Problem statement: The expected output is an exact copy of each line from the line with "After descending the" through the end of the data below, with no pictures in it.

Given information: Begin

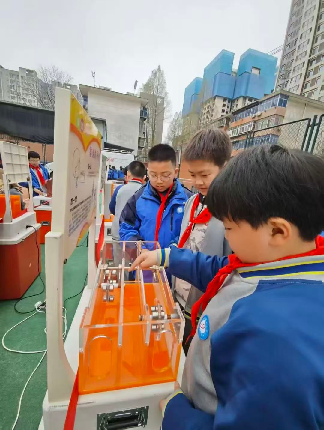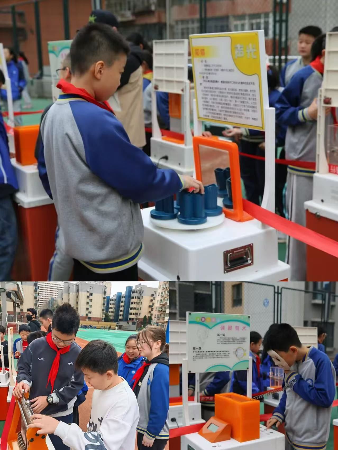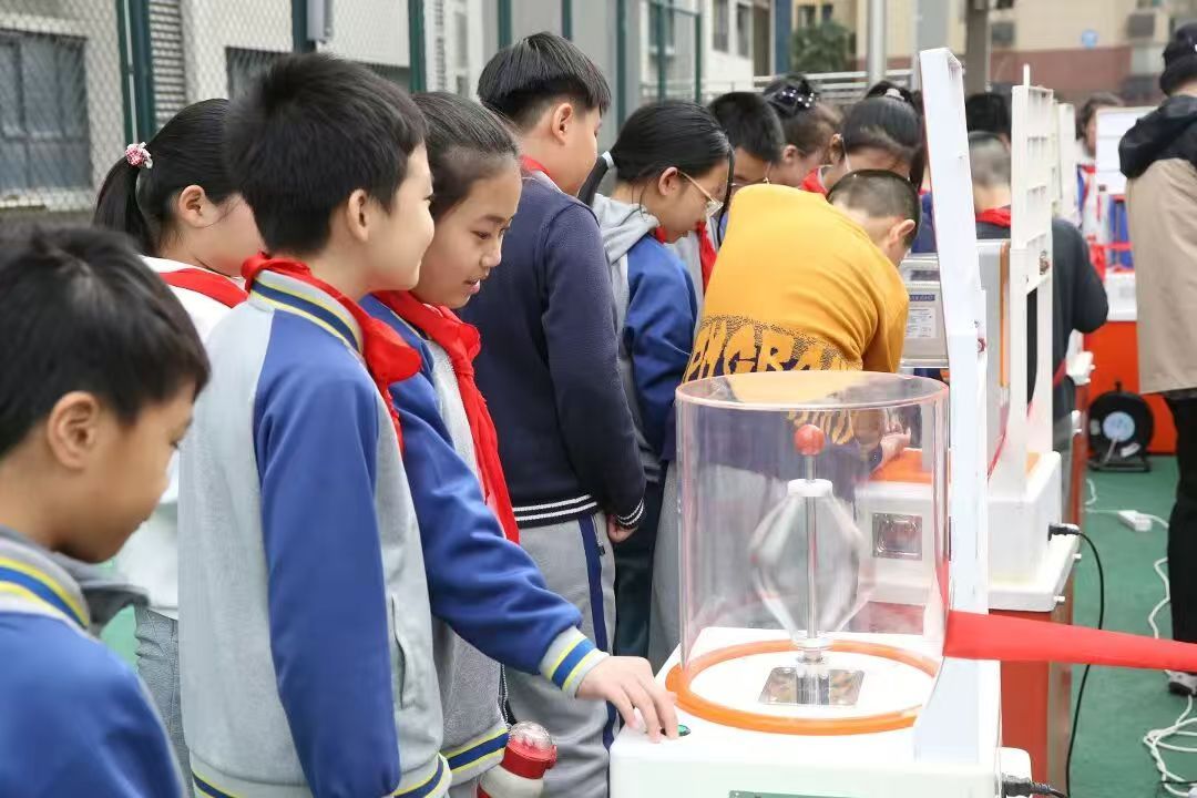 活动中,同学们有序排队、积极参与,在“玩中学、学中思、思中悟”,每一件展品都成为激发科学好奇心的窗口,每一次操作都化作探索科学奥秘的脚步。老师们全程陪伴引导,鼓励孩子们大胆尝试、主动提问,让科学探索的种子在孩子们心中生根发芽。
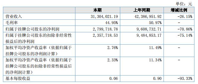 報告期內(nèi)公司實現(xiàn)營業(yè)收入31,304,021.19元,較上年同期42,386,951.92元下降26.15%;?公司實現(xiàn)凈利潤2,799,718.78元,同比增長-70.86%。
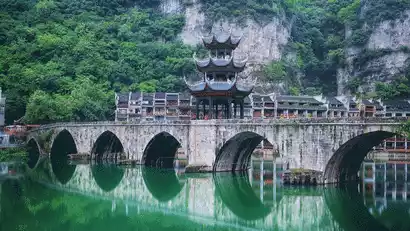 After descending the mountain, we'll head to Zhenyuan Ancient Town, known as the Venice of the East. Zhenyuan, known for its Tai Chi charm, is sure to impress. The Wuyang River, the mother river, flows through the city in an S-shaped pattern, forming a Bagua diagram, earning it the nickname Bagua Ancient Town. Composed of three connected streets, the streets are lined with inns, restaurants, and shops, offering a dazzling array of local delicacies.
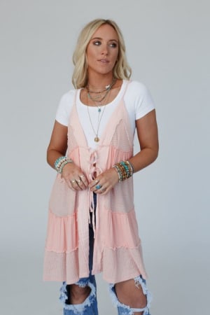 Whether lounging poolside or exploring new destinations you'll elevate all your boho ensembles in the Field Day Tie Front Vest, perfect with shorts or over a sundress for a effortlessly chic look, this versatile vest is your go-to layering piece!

Given information: End

Result below:
 After descending the mountain, we'll head to Zhenyuan Ancient Town, known as the Venice of the East. Zhenyuan, known for its Tai Chi charm, is sure to impress. The Wuyang River, the mother river, flows through the city in an S-shaped pattern, forming a Bagua diagram, earning it the nickname Bagua Ancient Town. Composed of three connected streets, the streets are lined with inns, restaurants, and shops, offering a dazzling array of local delicacies.
 Whether lounging poolside or exploring new destinations you'll elevate all your boho ensembles in the Field Day Tie Front Vest, perfect with shorts or over a sundress for a effortlessly chic look, this versatile vest is your go-to layering piece!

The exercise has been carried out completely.